Wednesday, June 25, 2008

Divorce Strategies - Don't Be Deterred

By Allison Thompson

Divorce is a traumatic event in the lives of many people. They often find themselves in a divorce situation where they feel angry, hurt, confused as well as shocked and betrayed. Certainly the situation can only be made worse through trying to work at a relationship that has no hope of being fixed and instead one should openly discuss with the other what is to be done.

Certainly it is crucial that if you have children then you don't try and make the marriage work for them. There are reasons why some relationships end. Sometimes it's because they weren't the best to start with, others because the couple have grown apart or because one has changed so much that they are not the same person that they use to be. The best thing you can do where children are concerned in a divorce situation is to work it out in the most civilized way possible. Also be honest with your children at all times.

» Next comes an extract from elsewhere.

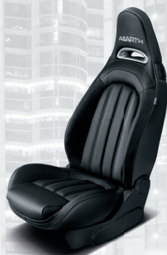
Cuir Abarth noir (de série sur 595 Turismo)

Unfortunately, the problem is that many divorces are that simple as one or either of the parties involved can be vindictive or hostile towards the other. Even in those divorces where this isn't the case the first thing that is going to be of interest to each party after child custody issues is money and assets. In some ways a marriage is very similar to a business deal and that is now being broken up. You need to understand and be able to navigate through any problems so that it all turns out right in the end. So you will need to come up with some kind of divorce strategy and tactics, although not very romantic are a necessity.

Your strategy is what you want to achieve. For instance, are you truly interested in taking the house, or do you just want to get enough of the home's equity in your settlement so you can make it on your own while you go through transition? Whatever your strategy is, however, you need to understand that it is no good at all to let yourself be made into a sacrificial lamb. You may think you're being nice, but that's not what a divorce is about. It's about fairness and justice, and there isn't going to be much of that unless your strategy is to get all that you truly feel is yours by right.

The tactics you use are going to be moves which help you to achieve your strategic goals by the end of the divorce case. Having great tactics is similar to you playing a good game of chess, they help you to set up to win and they can help you to block or react to those moves being made by your soon to be ex-spouse. These tactics need to be well calculated and you should not be overly emotional when considering them as it could leave you open and vulnerable. Also although your spouse use to be nice, the stresses placed on a person during divorce can turn them in someone who will stop at nothing to get what they want. It is important that you don't back down from using your tactics, unless you discover that they aren't actually working for you.

If your divorce is contested--meaning at least one of you doesn't want to accept it or doesn't want to agree on a fair settlement--be prepared for it to take two years or more to have the papers signed. Do not set your heart on a specific time frame or date for final settlement.

Make sure you consult a recommended or known divorce lawyer on all of your tactics and your divorce strategy. Again, while not romantic, divorce lawyers are usually a very important part of the divorce process.